== Data block ==
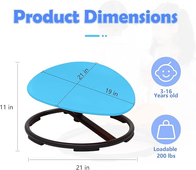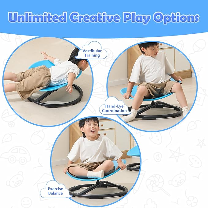 - erfect Gift for Special Occasions: A fantastic gift choice for birthdays, Christmas, and other special occasions, these spinning chairs for kids offer endless entertainment while supporting their developmental growth in balance, coordination, and sensory skills. This sensory swivel chair provides an engaging experience, making it a wonderful gift for children.
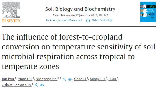 Pan J, He NP, Li C, Li MX, Xu L, Osbert Sun JX. 2024. The influence of forest-to-cropland conversion on temperature sensitivity of soil microbial respiration across tropical to temperate zones. Soil Biology and Biochemistry, doi:10.1016/j. soilbio.2024.109322.
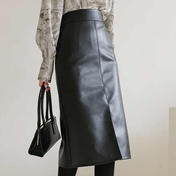 Wide Obi-Line Cutting Slit Leather Skirt
===
Each line of the data should be printed again exactly. Please leave pictures out.

-- Problem solution --
 - erfect Gift for Special Occasions: A fantastic gift choice for birthdays, Christmas, and other special occasions, these spinning chairs for kids offer endless entertainment while supporting their developmental growth in balance, coordination, and sensory skills. This sensory swivel chair provides an engaging experience, making it a wonderful gift for children.
 Pan J, He NP, Li C, Li MX, Xu L, Osbert Sun JX. 2024. The influence of forest-to-cropland conversion on temperature sensitivity of soil microbial respiration across tropical to temperate zones. Soil Biology and Biochemistry, doi:10.1016/j. soilbio.2024.109322.
 Wide Obi-Line Cutting Slit Leather Skirt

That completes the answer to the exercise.